Regroupements et communautés d’autoconsommateurs
Plusieurs consommateurs peuvent aujourd’hui se réunir pour produire et consommer leur propre électricité, afin d’augmenter leur part d’autoconsommation. Clarifions quelques termes induits par les nouveaux systèmes de production et de consommation.
AUTOPRODUCTEUR
On appelle autoproducteur toute personne bénéficiant de sa propre installation de production d’énergie. Il est généralement également autoconsommateur, en ce sens qu’il consomme l’énergie produite.
AUTOCONSOMMATEUR
On appelle autoconsommateur toute personne consommant sa propre énergie (il est alors également autoproducteurs) ou celle produite par un regroupement ou une communauté. Plusieurs autoconsommateurs peuvent profiter de l’énergie partagée par un ou plusieurs autoproducteurs.

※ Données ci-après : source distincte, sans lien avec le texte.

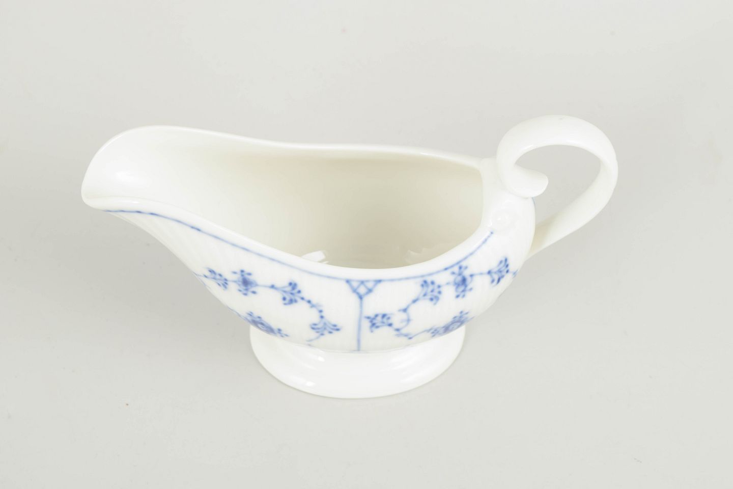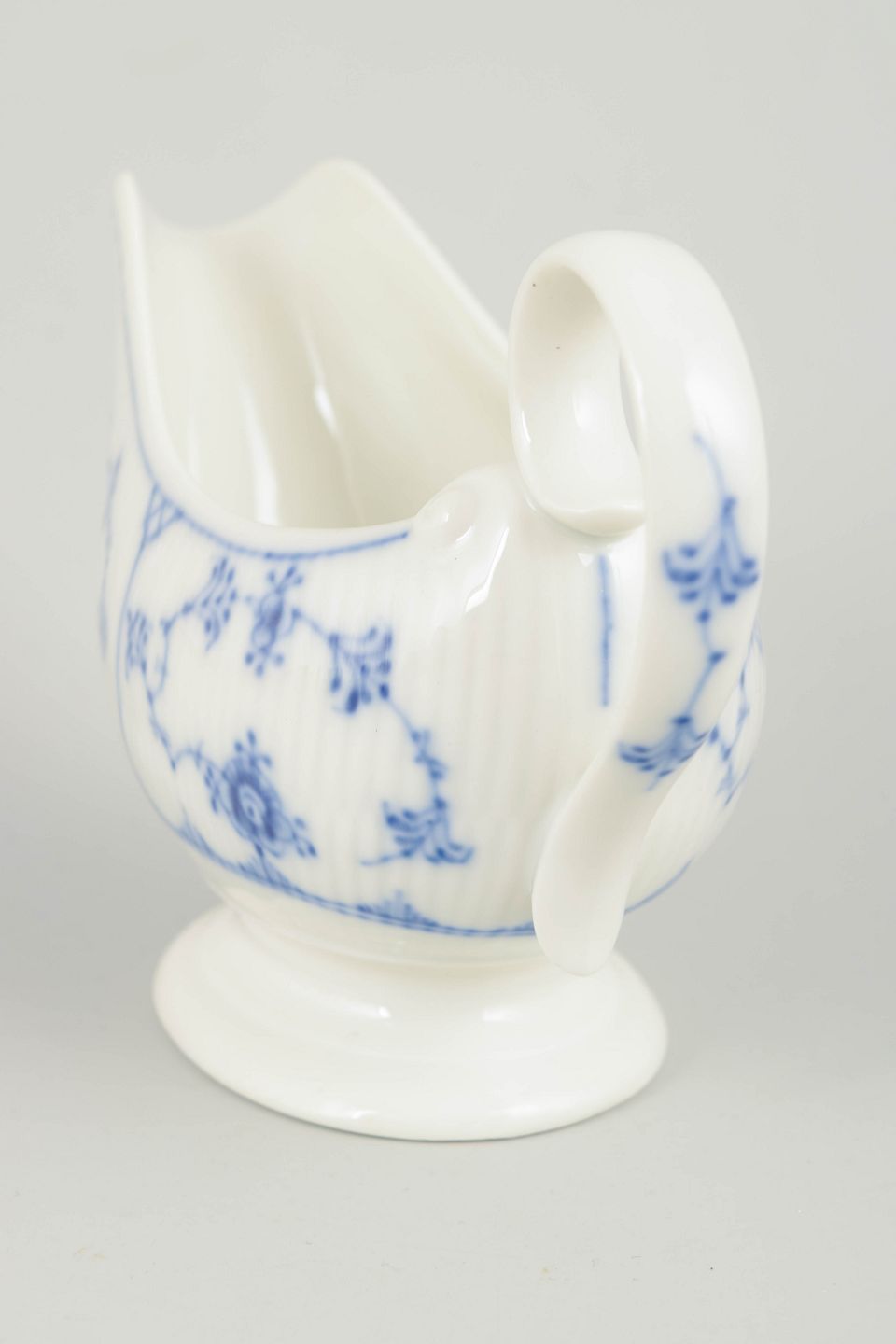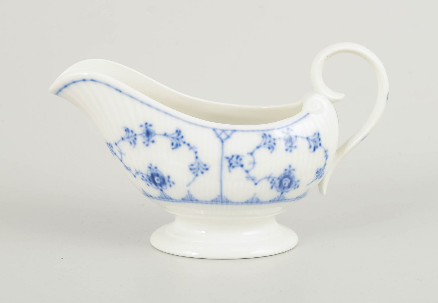 Klassisk saucekande i Musselmalet Riflet, udført i riflet form med svungen tud, hank og fodring. Dekoreret med håndmalet koboltblå underglasur i det traditionelle musselmalede mønster. En funktionel og elegant serveringsdel, velegnet til smørsauce og andre varme saucer ved det dækkede bord.

REGROUPEMENT D’AUTOCONSOMMATEURS (RCP)
Un RCP réunit des autoproducteurs et des autoconsommateurs autour d’un ou plusieurs bâtiments voisins. Les autoproducteurs peuvent partager l’énergie qu’ils produisent avec des autoconsommateurs.
Le plus : dans le cadre d’un RCP, les consommateurs peuvent dépasser les 100 000 kWh par année, en additionnant leur consommation d’énergie. Ils peuvent ainsi, s’ils le souhaitent, passer sur le marché libre de l’électricité et profiter de prix intéressants pour acheter l’énergie qui leur manquerait.
COMMUNAUTÉS D’AUTOCONSOMMATEURS (CA)
Une CA réunit plusieurs autoconsommateurs autour de la production d’un unique bâtiment (contrairement au regroupement qui peut réunir les consommateurs de plusieurs bâtiments).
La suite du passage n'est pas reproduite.